Third Quantization for Order Parameters (II): Local Field Quantization in Superconducting Quantum Circuits

TL;DR

This paper derives a microscopic basis for the quantum behavior of superconducting transmission-line resonators, extending third quantization to local phases, and unifies circuit element quantization with underlying electron-phonon physics.

Contribution

It develops a microscopic derivation of local superconducting phase quantization, linking macroscopic circuit variables to microscopic parameters, and extends third quantization to spatially local order parameters.

Findings

Quantitative relations between current, voltage, and local superconducting phase.

Local phase becomes a genuine quantum variable after low-energy restriction.

Unified microscopic framework for superconducting circuit element quantization.

Abstract

The quantization of superconducting transmission-line resonators is usually introduced phenomenologically by modeling the resonator as an effective LC circuit and imposing canonical commutation relations on macroscopic variables such as charge and flux.
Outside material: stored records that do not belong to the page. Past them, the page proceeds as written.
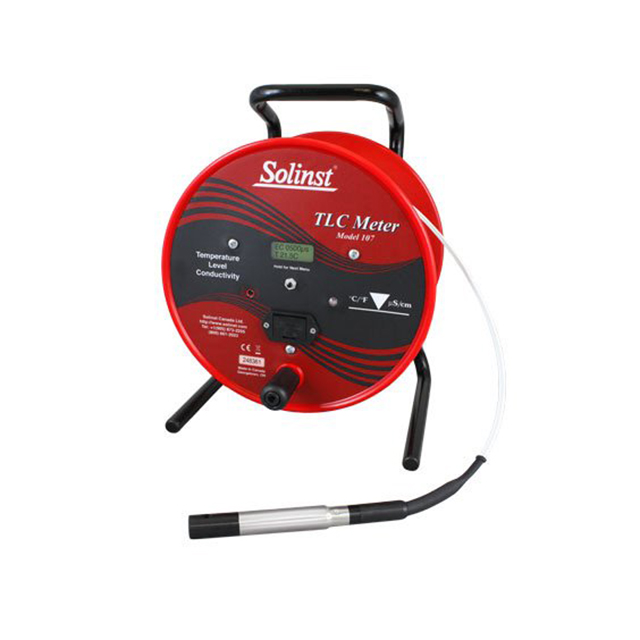 The Model 107 TLC Meter is ideal for profiling conductivity and temperature in wells and open water, for salt-water intrusion studies, and a general indication of contamination levels. The 3/4" (19 mm) diameter probe is attached to Solinst PVDF flat tape; accurately laser marked every 1/100 ft or each millimeter. Lengths up to 1000 ft or 300 m, mounted on a Solinst reel.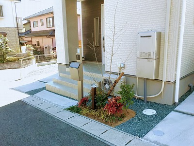 エクステリア用の照明と植栽を植える事でとても賑やかな雰囲気になりました。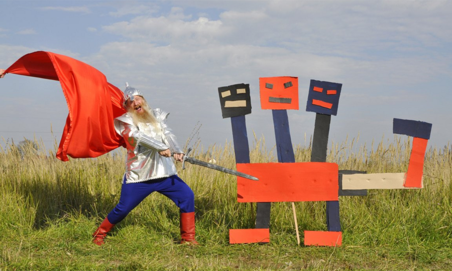 В серии работ «Русские чудовища» художники сталкивают сказочных богатырей с абстрактными формами русского авангарда. Сказка переосмысляется через введение новых, современных чудовищ.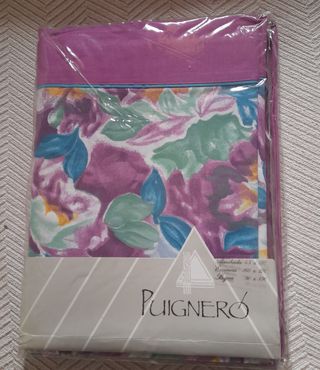 Juego de sábanas de la marca Puigneró con un bonito estampado floral. - Tamaño: 90 cm. - Incluye funda de almohada (45 x 110 cm). - Encimera (160 x 270 cm). - Bajera (90 x 190 cm).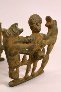 AN UNUSUAL IRON HORSE GRIP/BITE, the pierced ends with a figure and two animals, 25cm long.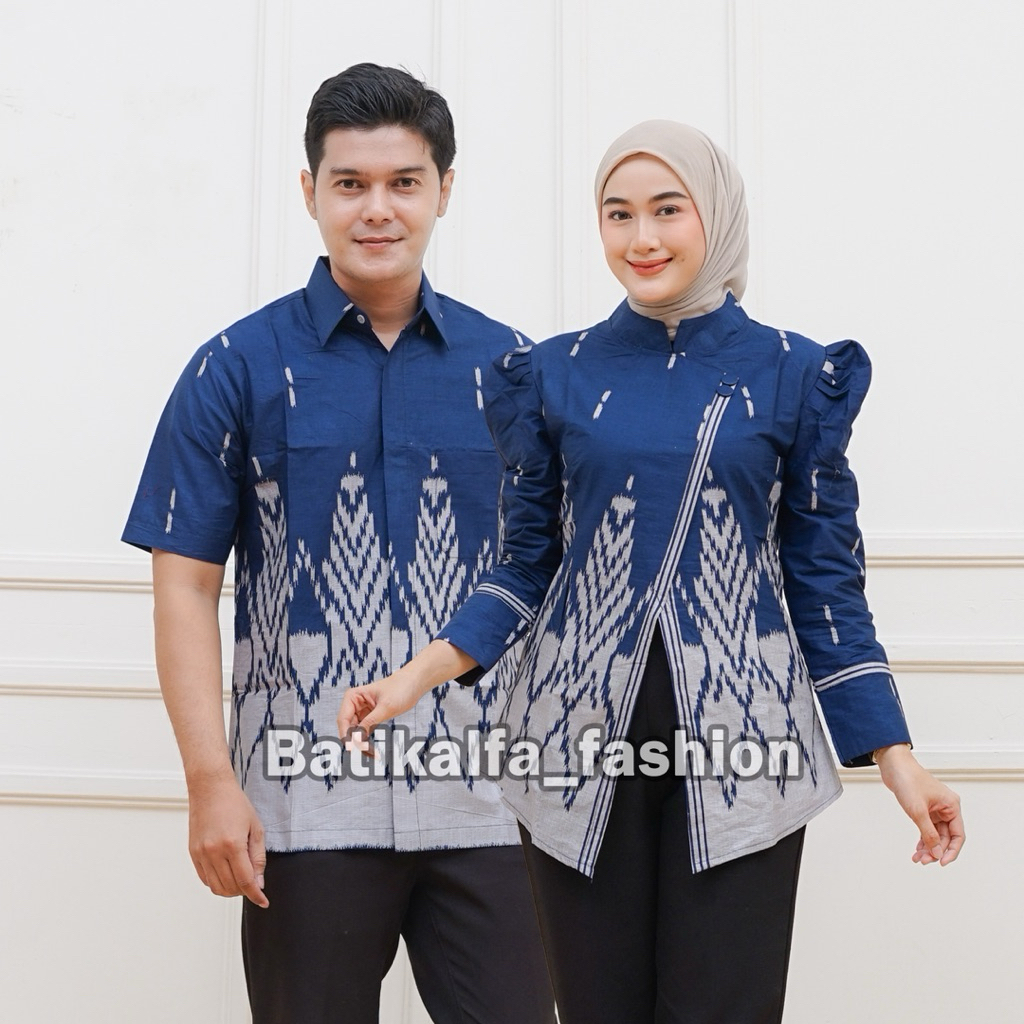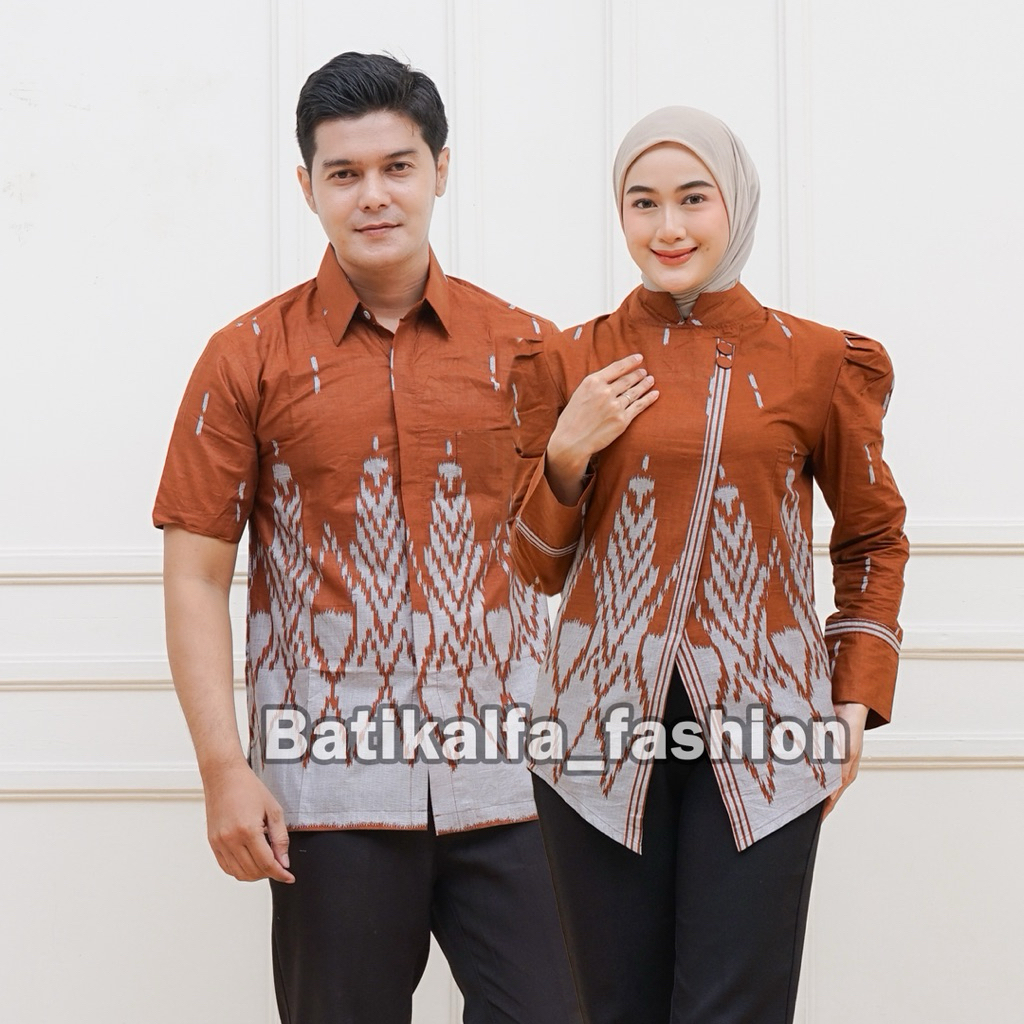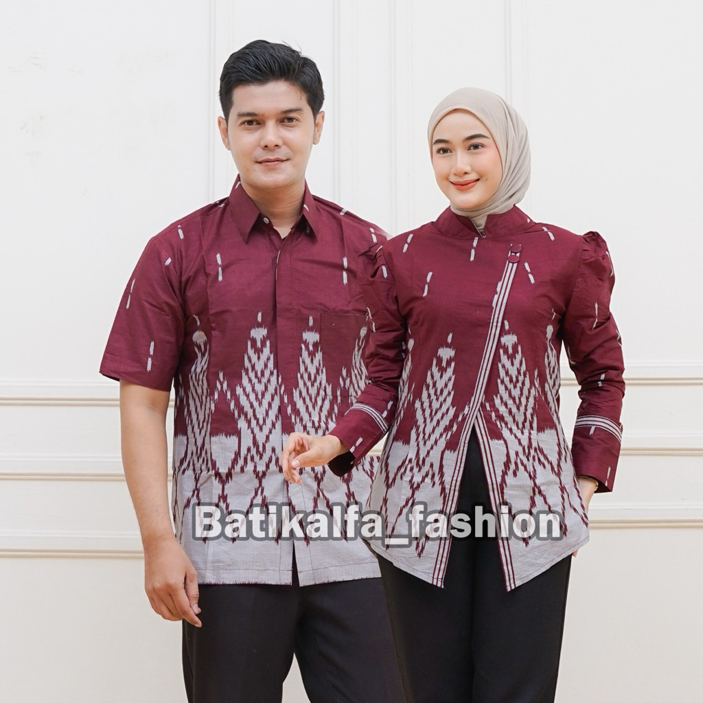 Batik Couple Terbaru Atasan Wanita Model Kebaya Janggan Lengan Puffy Bahan Katun Premium Motif Songket

Although this approach is highly successful, it leaves open why these macroscopic variables should obey quantum commutation relations and how this behavior emerges from the superconducting state. In this work, starting from the microscopic pairing Hamiltonian underlying BCS superconductivity, we derive the low-energy effective Hamiltonian of a circuit-QED architecture containing a superconducting transmission line with distributed capacitive and inductive elements. We establish quantitative relations between macroscopic observables, including current and voltage, and the spatially local superconducting phase, as well as the microscopic parameters of the electron-phonon system. We then extend the third quantization of the superconducting order parameter, introduced in Paper (I) for the global phase, to the spatially local case. This gives a macroscopic field quantization of the superconducting phase. We show that, after restriction to the low-energy excitation subspace, the local superconducting phase becomes a genuine quantum dynamical variable. Thus, the quantum behavior of transmission-line resonators need not be postulated at the macroscopic level, but follows from the third quantization of the superconducting order parameter. These results suggest that capacitive and inductive superconducting circuit elements share the same microscopic origin, providing a unified framework for superconducting circuit quantization.